Records contained in a dataset

•••

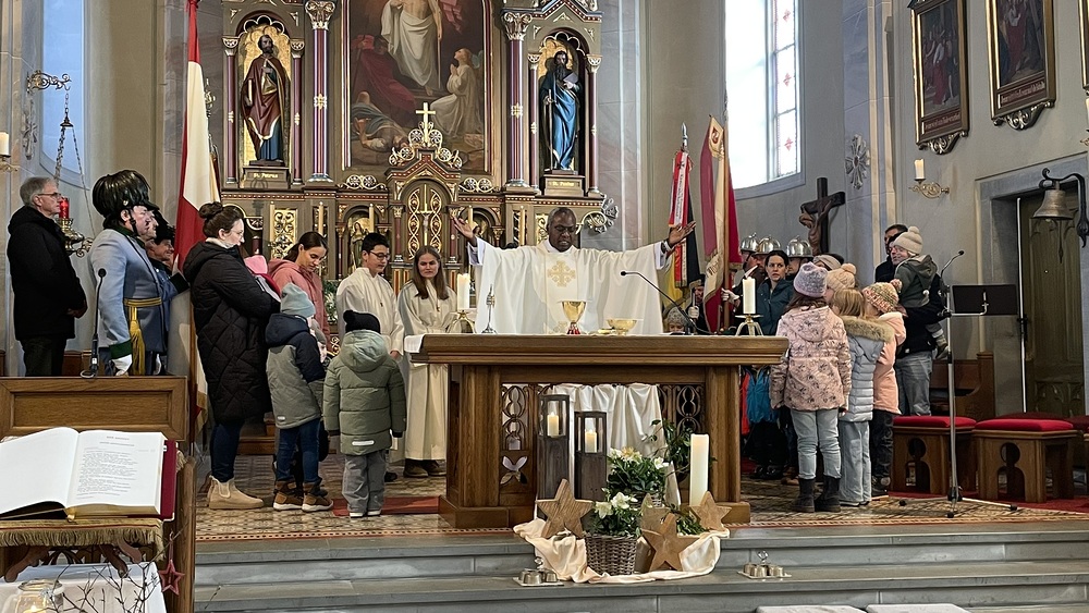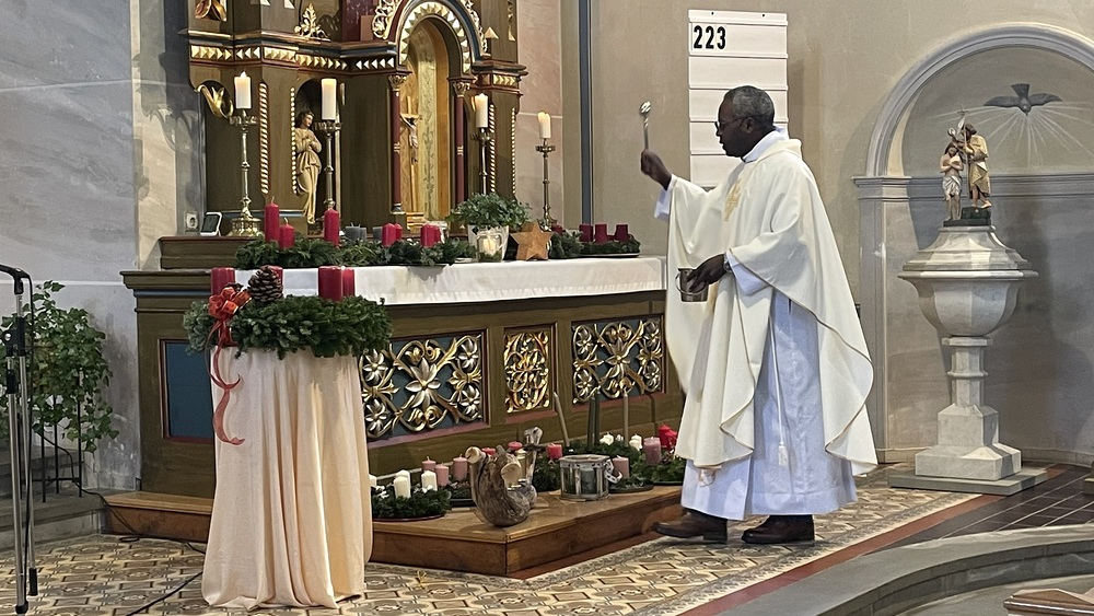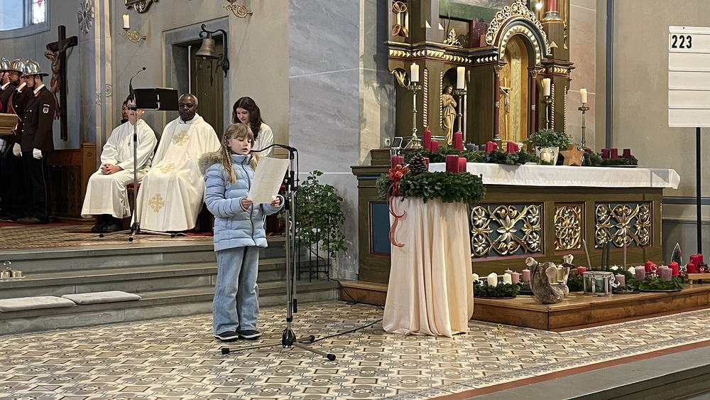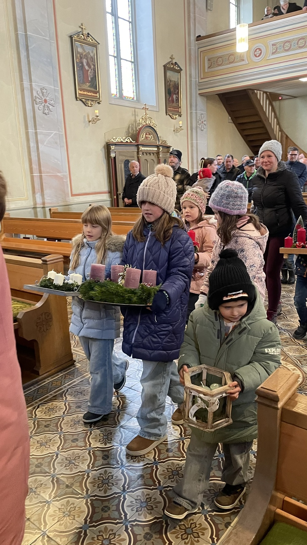 Zu Beginn der Messe trugen die Kinder beim gemeinsamen Einzug ihre Adventskränze in die Kirche, die dann von Pater Abidon gesegnet wurden.
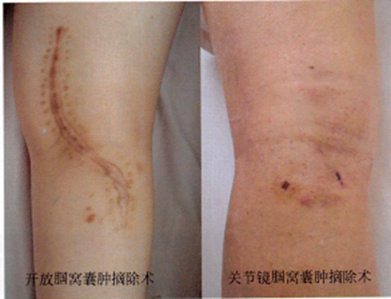 术后第2天,小刘同学就可以下地活动了。术后第5天出院时,可以活蹦乱跳了。刘妈妈和刘爸爸更是握着史医生的手术说:“非常感谢湘雅常德医院骨科团队精湛的技术,手术非常的成功,早知道这样,应该早点带儿子来湘雅常德医院接受微创手术。”科普小知识: 一:膝盖后面长的“坨” 是什么? 膝关节后面长的肿物,医学上统称为“腘窝囊肿”,是膝关节最为常见的疾病之一。 二:是怎么产生的? 腘窝囊肿的病因多不在囊肿处,膝关节本身疾病为腘窝囊肿产生的根源。腘窝囊肿的产生与膝关节退变有明显关系。在腘窝囊肿患者中有近乎一半患者均合并有半月板损伤。 三:怎么确诊?需要做什么检查吗? 腘窝囊肿的诊断比较简单:典型的病人多数是无意中发现腘窝部较小的肿物。虽然通过体格检查很容易发现腘窝囊肿,但是完善B超和膝关节核磁也是非常必要的。一方面:帮助我们在在术前确定腘窝囊肿是否与关节腔相通?另一方面:帮助我们明确关节内合并病变,同时有助与腘窝囊肿相鉴别的疾病,谨防误诊、漏诊的存在。 四:腘窝囊肿的临床表现都有哪些呢? 大部分的腘窝囊肿患者来医院就诊,都有不同程度的影响生活、工作等。起病开始阶段,患者多是无意中发现腘窝部较小的肿物,随着时间的推移,病情的加重,患者出现腘窝部紧胀感,后逐渐出现在运动或日常活动后疼痛,剧烈紧胀感,最后形成静息时也能感受疼痛,腘窝部绷紧、满胀感。这都是因为随着囊肿大小的增长,压迫到其周围的血管、神经,引发了一系列的临床症状。 五:怎么治疗?需要手术吗? 1.对于仅仅是无意中发现的囊肿,还没有产生明显“腘窝部紧胀感,满胀感”、“在运动或日常活动后出现疼痛,剧烈紧胀感”“小腿酸胀”等周围的血管、神经受压的症状的患者,可以选择保守治疗。例如:单纯对囊肿进行穿刺,或者不予理会。 2.但是,当腘窝囊肿症状严重或合并病变及损伤持续加重时或非手术治疗无效时,则需要手术治疗。 六:都有哪些手术方式?需要开刀吗? 1.传统的也是最经典:需要做一个切开手术切口长约10cm左右。 2.微创手术的办法:关节镜下清理关节内病变,同时切除腘窝囊肿,标本兼治。因为腘窝囊肿大部是由关节内病变引起。如果只切除囊肿,不处理关节内病变,手术后一是复发率高,二是关节内病变持续存在。而关节镜手术切除腘窝囊肿,仅仅需要4 处0.5cm 的切口,切口总和长度约2.0cm ,不仅创伤小、复发率更低,而且可以同时治疗关节内病变,达到标本兼治目的。 七:需要住多久?什么时候可以下地? 1.首先患者入院后需要完善术前检查,除外手术禁忌征,一般会在住院后第三个工作日安排手术。 2.大多数患者术后第二天就可以下地行适量走了(骨关节炎特别严重的病人除外)。 3.大多数患者术后3--5天没有明显不适后,就可以出院。所以平均住院日是7-8天。
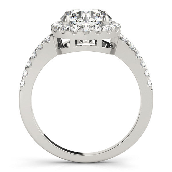 Platinum Round Halo Diamond Engagement Ring with Pavé Band and Four-Prong Setting
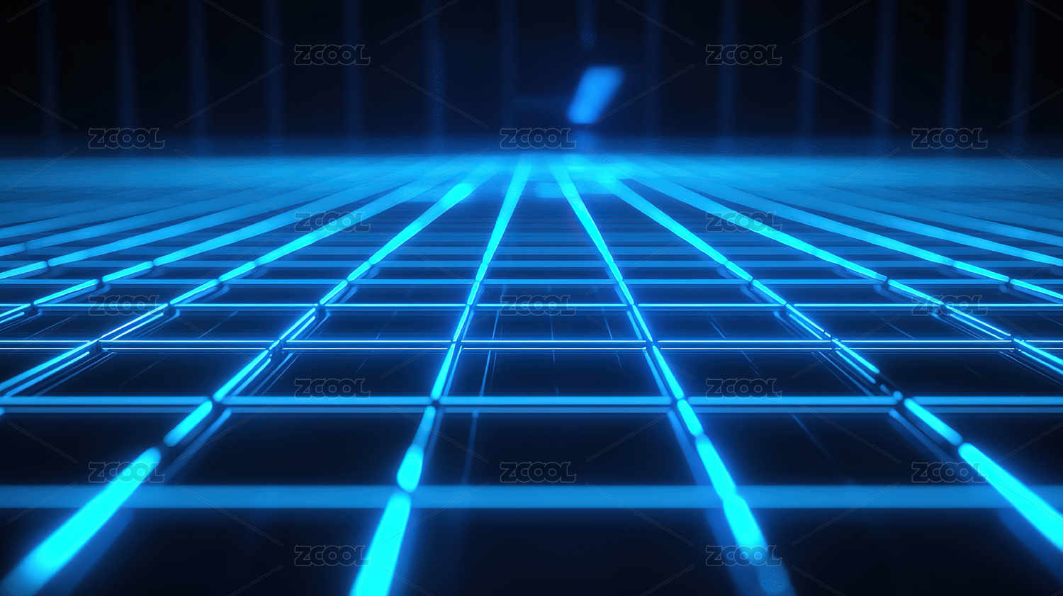 蓝色,科技,空间,未来,黑色,发光,深邃,方块,地面,氛围
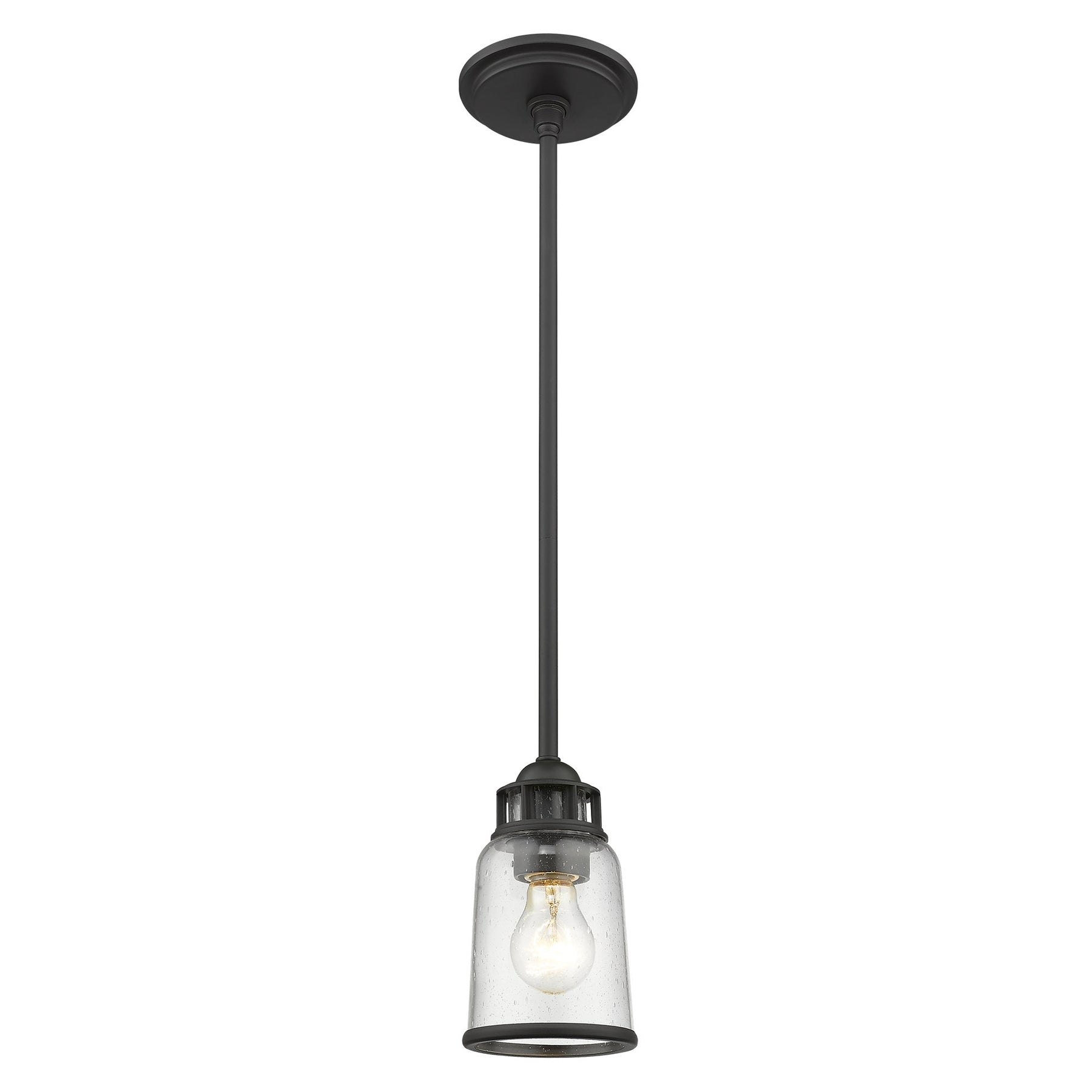 The Lawrenceville Mini Pendant in a classic bronze finish is a beautiful addition to any space, showcasing a retro industrial design reminiscent of 19th-century lighting. This pendant features a hand-blown clear seeded glass shade and measures 15 to 45 inches in height with a 5-inch diameter. It accommodates one medium base bulb with a maximum wattage of 100W (not included) and includes stem sections of 6, 12, and 18 inches for versatile installation. Designed for damp locations, it is suitable for various settings, including areas with humidity, while also accommodating sloped ceilings.
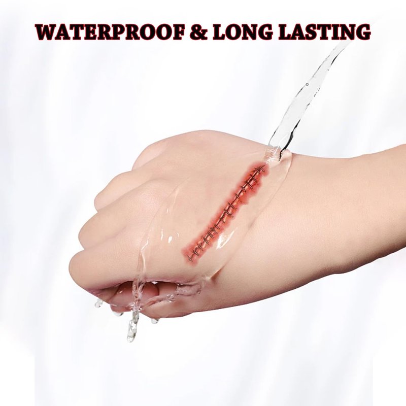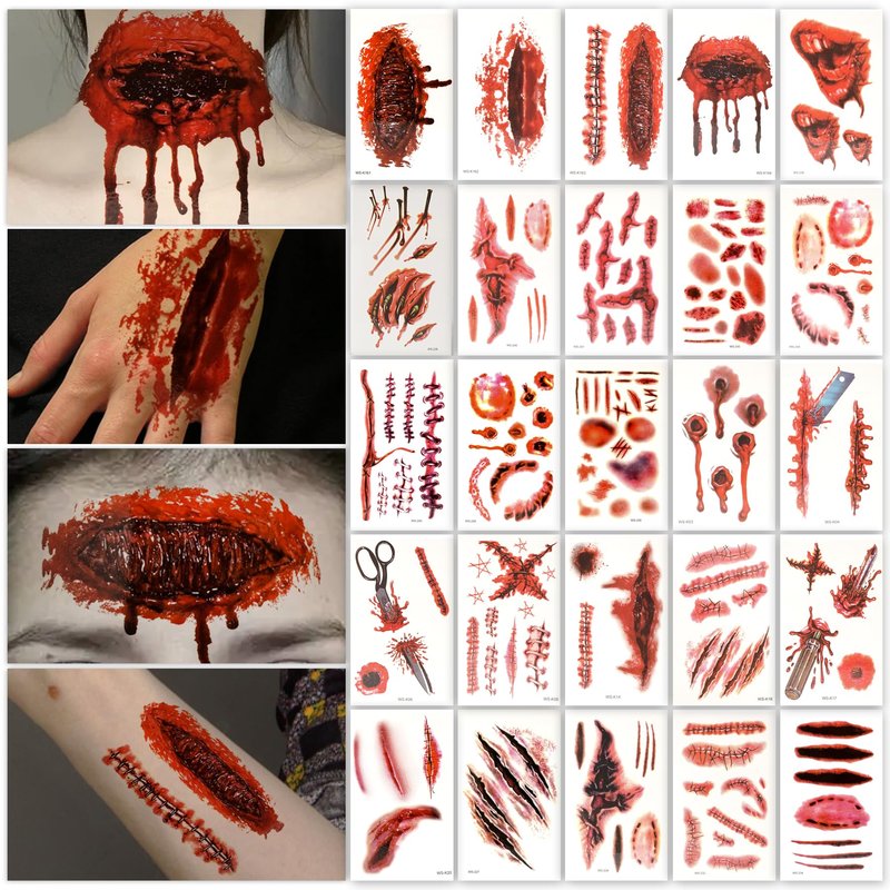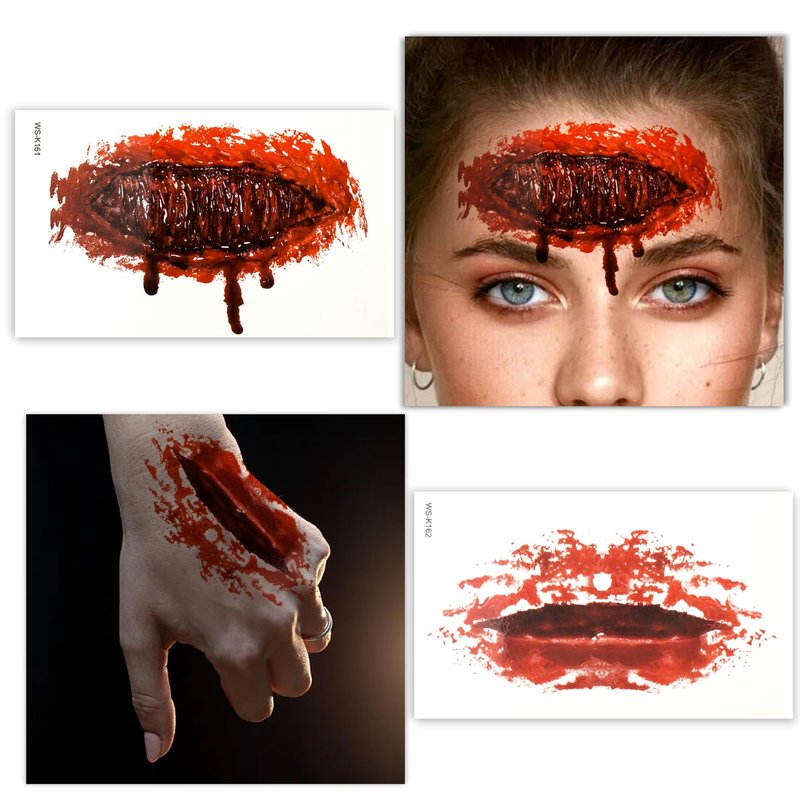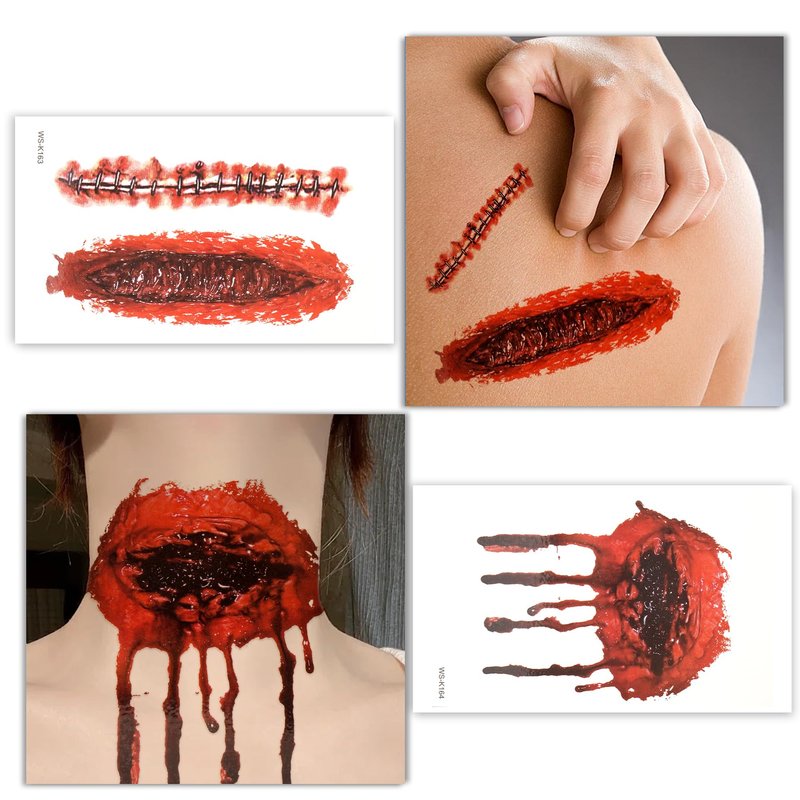 - 【PREMIUM QUALITY】The Halloween wound temp tattoos are made of water to paper, environmentally friendly ink, environmentally friendly glue, PET protective film meeting rigid safety and non-toxic materials requirements. Using the semi permanent tattoos will last 3-5 days on your body, which is enough time for a perfect party. (Tips: Do not apply to sensitive skin, near eyes, or if you are allergic to adhesives.)

•••

What to produce: Up to and including the line with "蓝色,科技,空间,未来,黑色,发光,深邃,方块,地面,氛围", copy the data above from its first line. Skip pictures.

Exercise result:
 Zu Beginn der Messe trugen die Kinder beim gemeinsamen Einzug ihre Adventskränze in die Kirche, die dann von Pater Abidon gesegnet wurden.
 术后第2天,小刘同学就可以下地活动了。术后第5天出院时,可以活蹦乱跳了。刘妈妈和刘爸爸更是握着史医生的手术说:“非常感谢湘雅常德医院骨科团队精湛的技术,手术非常的成功,早知道这样,应该早点带儿子来湘雅常德医院接受微创手术。”科普小知识: 一:膝盖后面长的“坨” 是什么? 膝关节后面长的肿物,医学上统称为“腘窝囊肿”,是膝关节最为常见的疾病之一。 二:是怎么产生的? 腘窝囊肿的病因多不在囊肿处,膝关节本身疾病为腘窝囊肿产生的根源。腘窝囊肿的产生与膝关节退变有明显关系。在腘窝囊肿患者中有近乎一半患者均合并有半月板损伤。 三:怎么确诊?需要做什么检查吗? 腘窝囊肿的诊断比较简单:典型的病人多数是无意中发现腘窝部较小的肿物。虽然通过体格检查很容易发现腘窝囊肿,但是完善B超和膝关节核磁也是非常必要的。一方面:帮助我们在在术前确定腘窝囊肿是否与关节腔相通?另一方面:帮助我们明确关节内合并病变,同时有助与腘窝囊肿相鉴别的疾病,谨防误诊、漏诊的存在。 四:腘窝囊肿的临床表现都有哪些呢? 大部分的腘窝囊肿患者来医院就诊,都有不同程度的影响生活、工作等。起病开始阶段,患者多是无意中发现腘窝部较小的肿物,随着时间的推移,病情的加重,患者出现腘窝部紧胀感,后逐渐出现在运动或日常活动后疼痛,剧烈紧胀感,最后形成静息时也能感受疼痛,腘窝部绷紧、满胀感。这都是因为随着囊肿大小的增长,压迫到其周围的血管、神经,引发了一系列的临床症状。 五:怎么治疗?需要手术吗? 1.对于仅仅是无意中发现的囊肿,还没有产生明显“腘窝部紧胀感,满胀感”、“在运动或日常活动后出现疼痛,剧烈紧胀感”“小腿酸胀”等周围的血管、神经受压的症状的患者,可以选择保守治疗。例如:单纯对囊肿进行穿刺,或者不予理会。 2.但是,当腘窝囊肿症状严重或合并病变及损伤持续加重时或非手术治疗无效时,则需要手术治疗。 六:都有哪些手术方式?需要开刀吗? 1.传统的也是最经典:需要做一个切开手术切口长约10cm左右。 2.微创手术的办法:关节镜下清理关节内病变,同时切除腘窝囊肿,标本兼治。因为腘窝囊肿大部是由关节内病变引起。如果只切除囊肿,不处理关节内病变,手术后一是复发率高,二是关节内病变持续存在。而关节镜手术切除腘窝囊肿,仅仅需要4 处0.5cm 的切口,切口总和长度约2.0cm ,不仅创伤小、复发率更低,而且可以同时治疗关节内病变,达到标本兼治目的。 七:需要住多久?什么时候可以下地? 1.首先患者入院后需要完善术前检查,除外手术禁忌征,一般会在住院后第三个工作日安排手术。 2.大多数患者术后第二天就可以下地行适量走了(骨关节炎特别严重的病人除外)。 3.大多数患者术后3--5天没有明显不适后,就可以出院。所以平均住院日是7-8天。
 Platinum Round Halo Diamond Engagement Ring with Pavé Band and Four-Prong Setting
 蓝色,科技,空间,未来,黑色,发光,深邃,方块,地面,氛围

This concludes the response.